The confrontation in Little Rock proved that even in cases where the Supreme Court had ruled against segregation, the implementation of the law was no easy task. Repeatedly faced with discrimination by Whites, African-Americans organized boycotts and demonstrations and brought lawsuits to gain access to public and private facilities. The first major mobilization of Blacks as part of the Civil Rights Movement occurred in Montgomery, Alabama, in 1955.



The Montgomery Bus Boycott

In Montgomery, and elsewhere in the South, African-American passengers were required to sit in the back of the bus and, if all of the White seats were taken, to give up their seats to any Whites left standing. On December 1, 1955, a White bus driver demanded that Rosa Parks, a 43-year-old Black woman, give up her seat to a White passenger. When she refused, she was arrested. Local activists, who had been organizing since 1946, mobilized quickly. Before the night was out, Parks' arrest had served as a catalyst: setting in motion a citywide boycott of the Montgomery bus company and a law suit brought by local Black attorneys challenging the city's bus segregation law. A little-known, 26-year-old local minister named Martin Luther King, Jr., reluctantly agreed to head the boycott. Rather than ride the local buses, African-Americans organized those volunteers who owned cars to transport people, while others simply walked. The bus company tried desperately to break the boycott, but did not succeed. Approximately one year after the boycott began, the Supreme Court ordered the Montgomery city buses desegregated.

The success of the Montgomery Bus Boycott inaugurated a strategy of nonviolent confrontation developed by the Southern Christian Leadership Conference (SCLC) and its leader, Martin Luther King, Jr. The idea, inspired by Indian nationalist Mahatma Gandhi, was that peaceful demonstrations would provoke both mass arrests and a violent reaction from segregationists. Civil Rights activists hoped this would draw national news coverage to the their cause. This strategy, while not always successful, did lead to major Civil Rights victories in cities such as Nashville, Tennessee (1960), where sit-ins at downtown department stores led to the end of "Whites-only" lunch counters.
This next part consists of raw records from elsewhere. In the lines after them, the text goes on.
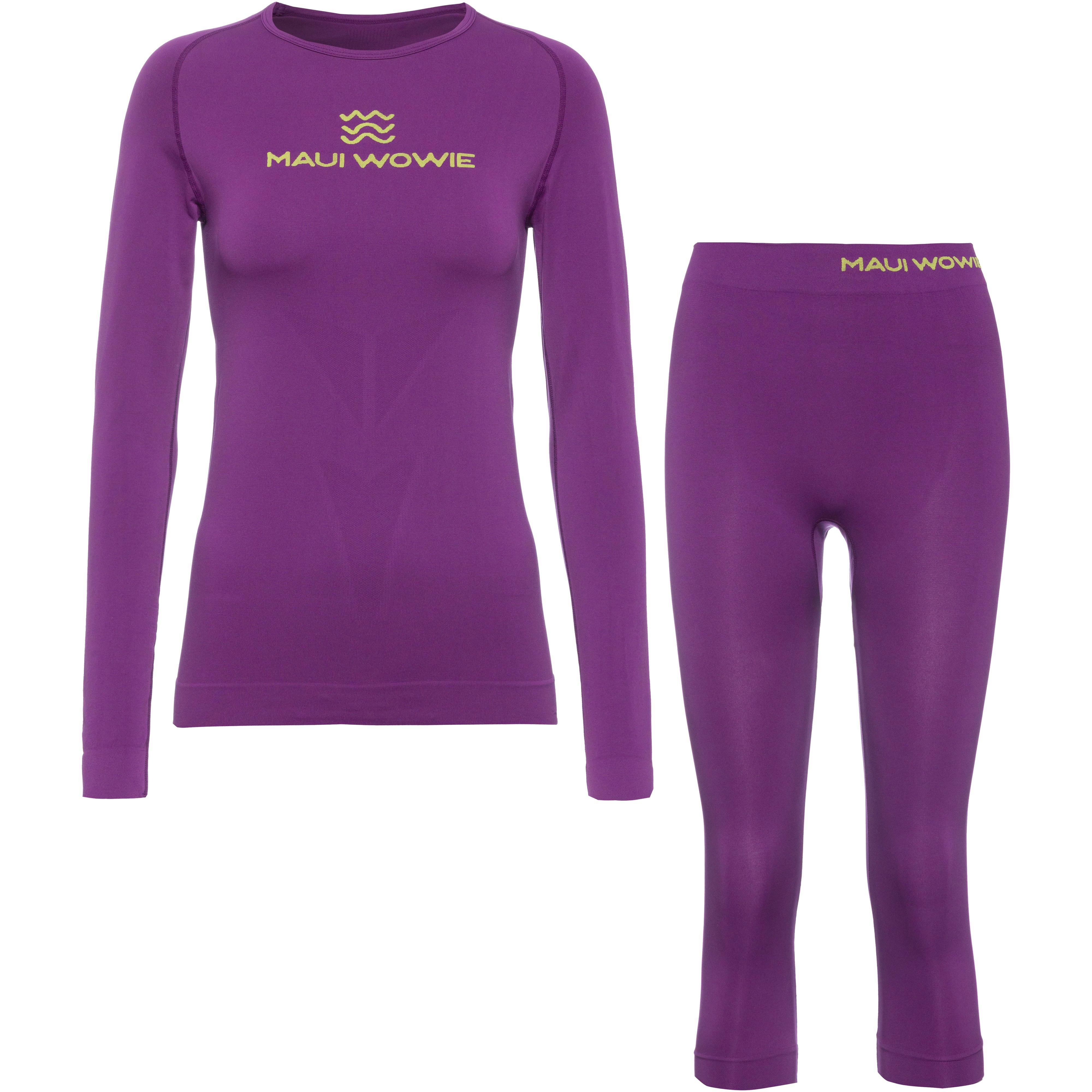 Wäscheset aus feuchtigkeitsregulierendem und elastischem Gewebe; hält den Körper warm und trocken; enganliegende Passform; Oberteil mit Rundhalsausschnitt und langen Raglanärmeln; Logoprint auf der Vorderseite des Shirts; 3/4-lange Hose mit mittelhohem, elastischem Bund; Material 96% Polyethylen, 4% Elastan.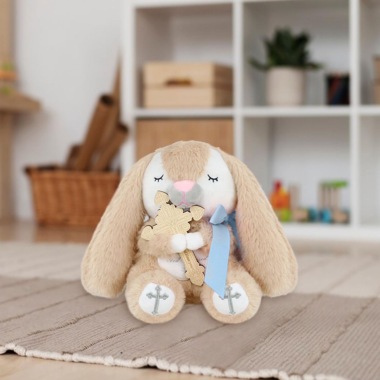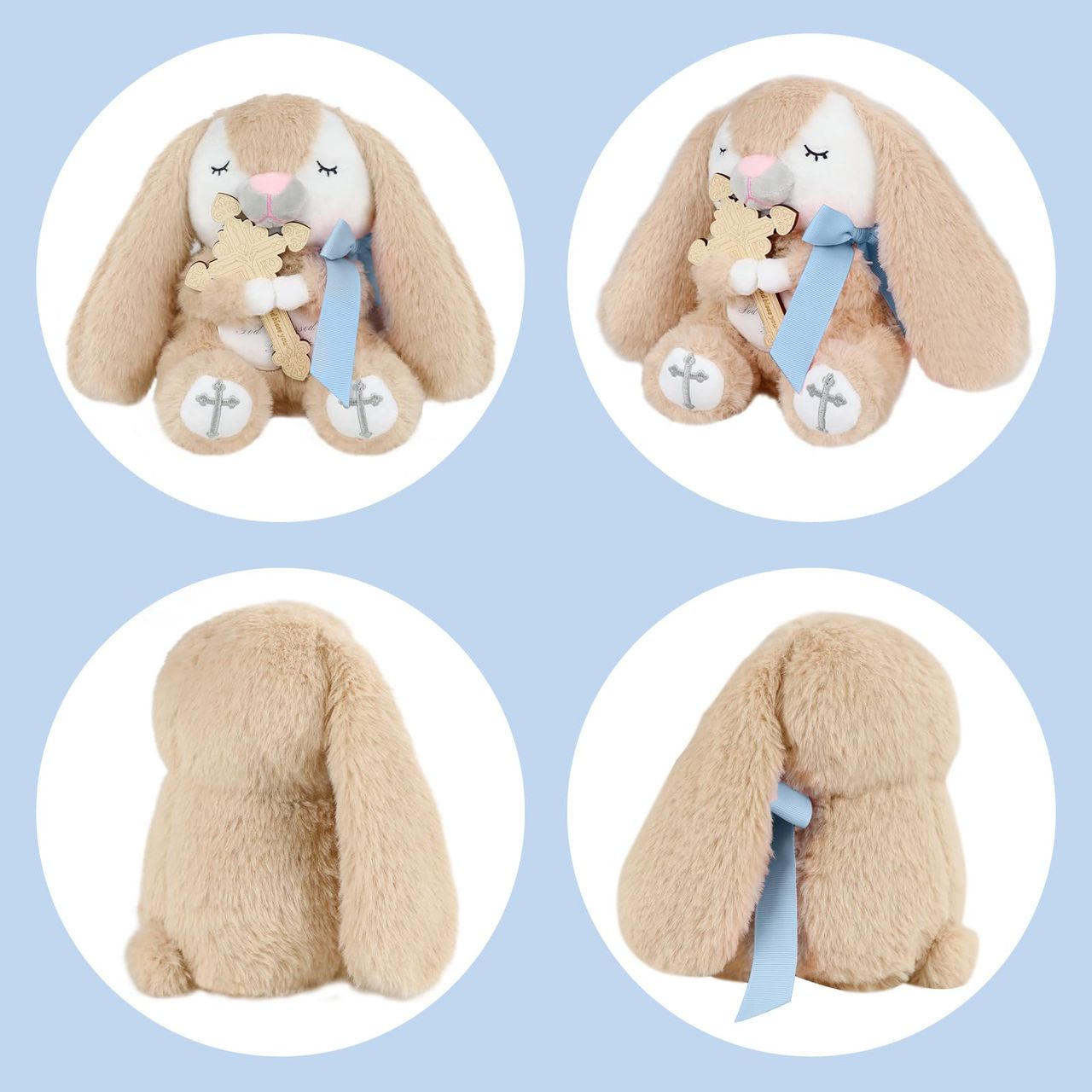 - Coelho De Pelúcia Rezando Com Cruz, Batismo, Batismo Ou Presente De Páscoa Perfeito Para Crianças.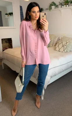 Brand new ๐ HOXTON GAL Oversized Tie Detailed ๐ Shirt Tunic With Long Sleeves In Burgundy ๐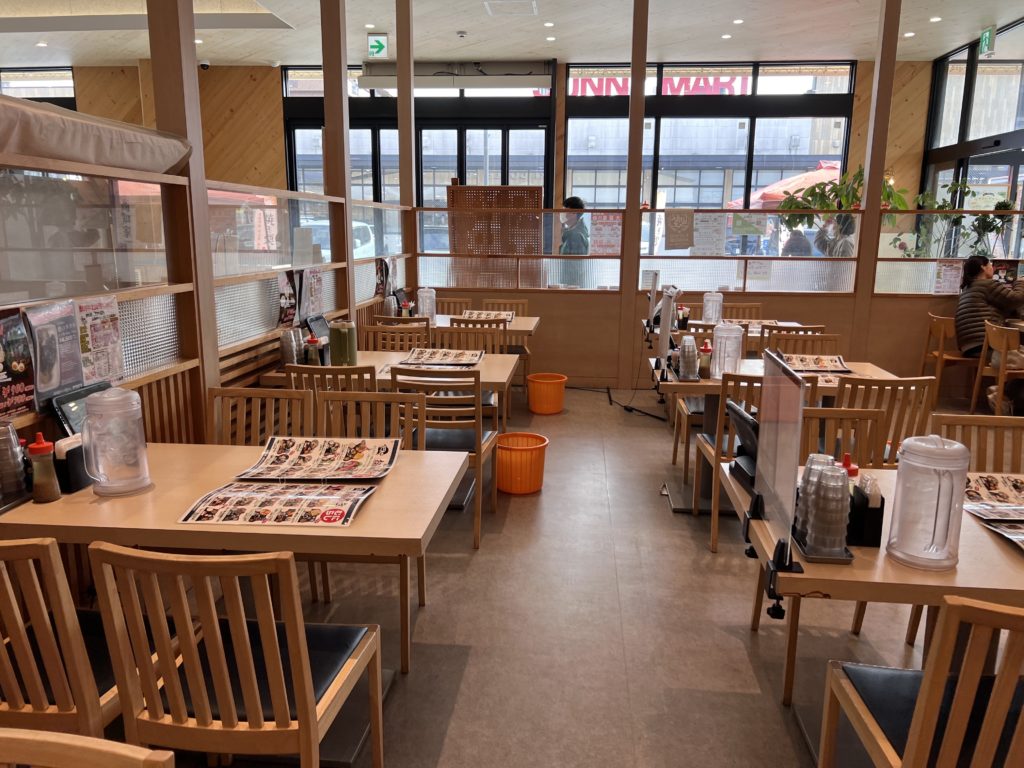 店内は天井が高く、木の温もりを感じる開放的で明るい空間です。

In Birmingham, Alabama (1963), the beatings and arrests of thousands of African-American students, some as young as seven years old, shocked the nation and pressured local White businessmen to change discriminatory practices. In Selma, Alabama (1965), a march to the state capitol led by Martin Luther King, Jr. and attended by thousands of Civil Rights supporters from across the country, put pressure on President Johnson to submit the Voting Rights Act of 1965 to Congress.



New Issues, New Tactics

Following the Voting Rights Act of 1965, the movement's focus shifted from changing laws that discriminated against African-Americans to confronting economic issues such as employment and housing discrimination. These issues proved to be intractable, so some believed tactics had to change. In the face of continuing White resistance, many African-Americans felt nonviolence was no longer the only tool for change. The Black nationalist leader Malcolm X, for instance, had questioned the effectiveness of nonviolence for years. What many Whites saw as his confrontational approach often made it easier for White moderates and politicians to embrace Martin Luther King's movement as a "safer" alternative. Malcolm X was assassinated purportedly by Black Muslims in New York on February 21, 1965. That same year, for many African-Americans, frustration escalated that more had not been accomplished. Civil unrest in the Watts district of Los Angeles and the Harlem area of New York in the summer of 1965 were signs that the pent-up anger in America's cities could-and would-explode in violence throughout the remainder of the decade.